Tuesday, January 15, 2008

Wake Med milk bank and fingers in car doors...

What a day it has been so far and it is only 12:30pm. I’m typing with Nora’s laying half-asleep on my chest with her little bottom propped up by the ledge of the laptop. So far so good and I’ll make quicker progress on this update if I can continue to use two hands – though my one-handed typing is improving drastically. Kali and Jason left home about an hour ago for Shenandoah Valley Community School for their first day back volunteering since Nora was born. Nora and I are here together to recover from the morning.

It started out more or less like many other days. The catch was that we had to get to Nora’s doctor appointment by 9:30am – early for this family these days. We managed to get diapers out of the washer and put on drying racks as well as breakfast in everyone before heading out the door shortly after 9.

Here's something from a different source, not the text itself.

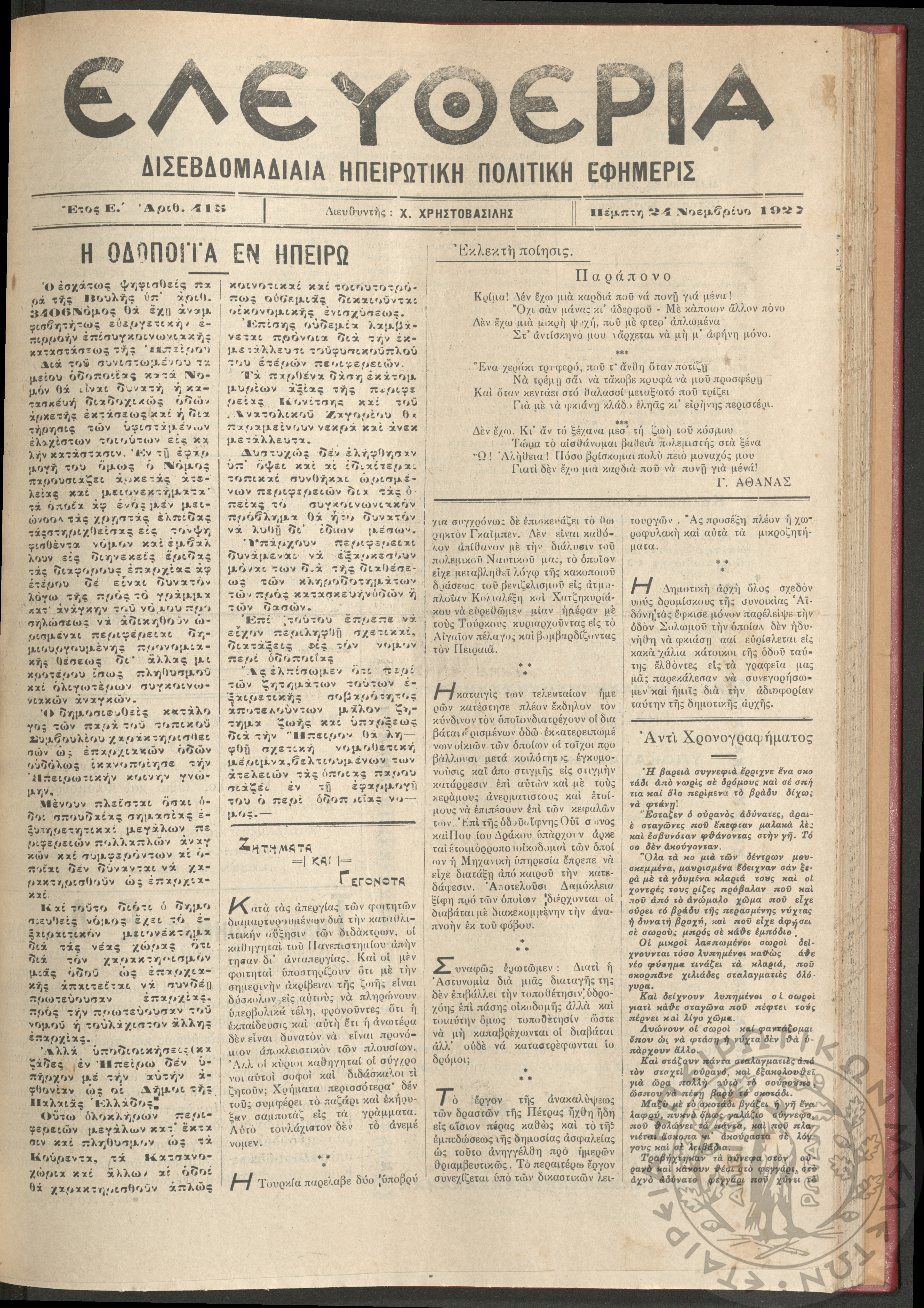 Ελευθερία: δισεβδομαδιαία Ηπειρωτική πολιτική εφημερίς, 1927, φ. 415

Nora didn’t like the ride across town much more than she enjoyed the trip to UVA but thankfully we made the 15 minute trip without any stops! She was worked up when we got there and wanted to eat. We assume it was more about being worked up and chilly than hunger because when the nurse joined us Nora promptly returned most, if not all, of what she had just eaten to her blanket. That, in addition to two blow outs in her diaper this morning, probably contributed to her weight being slightly lower than what we were hoping for. She weighed in at 6lb 3oz and was 20 ½ inches long. She’s moving in the right direction at least. Slowly but surely…which is all the doctor is looking for from her. A huge milestone this week for Jason and I is that we ditched “the notebook.” This being our record book of the last two months; our attempt to document every bit of breast milk Nora has consumed and ever diaper change including its contents. It was getting to feel more and more tedious, so we have been enjoying the freedom of one less thing to keep track of (while putting up with the “is she eating enough” pangs that I, more so than Jason, continue to experience from time to time). It’s one more step moving us towards parenting Nora using our intuition rather than some scientific formula. That feels good.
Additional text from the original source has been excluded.